ツアーの皆さん、お気楽すぎではないですか?
自分がどの山のどのコースを歩いているのかぐらい知っておかないと、はぐれたときに帰れないでしょうに。
起伏の少ない月山あたりで濃霧にまかれたりしたら位置を見失いますよね。
なんでもかんでもガイドまかせで、何かあったら責めるんでしょうか。
お疲れ様。

投稿: かもめ | 2008.07.15 15:42

<<ツアーの皆さん、お気楽すぎではないですか?
 まあ人によりますね。
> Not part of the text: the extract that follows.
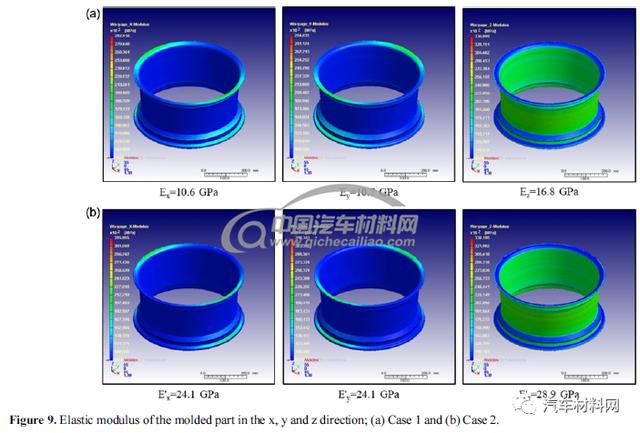 图8预测了纤维的取向。由于树脂主要沿垂直方向流动,因此在两种情况下纤维都沿该方向。并且带和不带金属嵌件的两种方案纤维取向非常相似。图9示出了模型部件在x、y和z方向上的弹性模量。图中给出了每个方向上的平均模量,带铝嵌件的部件在各个方向上均显示出较高的值。铝的模量为68GPa,碳纤维的弹性模量在纵向为38.2GPa,横向为10.3GPa。对于这两种情况,由于纤维取向的原因,z方向的模量均高于x和y方向的模量。

よく勉強されている方もいますが、やはり多くの方は・・・です。
 もっと主体的に山に登った方が面白いと思うのですが。それをどう促すか、頭痛いです。
 地元の月山朝日ガイド協会では、前夜に登山客の宿で月山のコースの状況から歴史に至るまで細かく事前レクチャーを今年から始めたり、いろいろ取り組んでいます。

<<起伏の少ない月山あたりで濃霧にまかれたりしたら位置を見失いますよね。
 特に山頂付近はだだっ広くて道もいろんな登山口に広がってますしね。今回のお客様でも「登山道しっかりしてるから一人でも来られるわね」という方がいらっしゃいましたけど、油断は禁物な山です。

<<なんでもかんでもガイドまかせで、何かあったら責めるんでしょうか。
 あまり表沙汰になってませんが、「おまかせ登山」で裁判沙汰になっている事例もあります。ふー。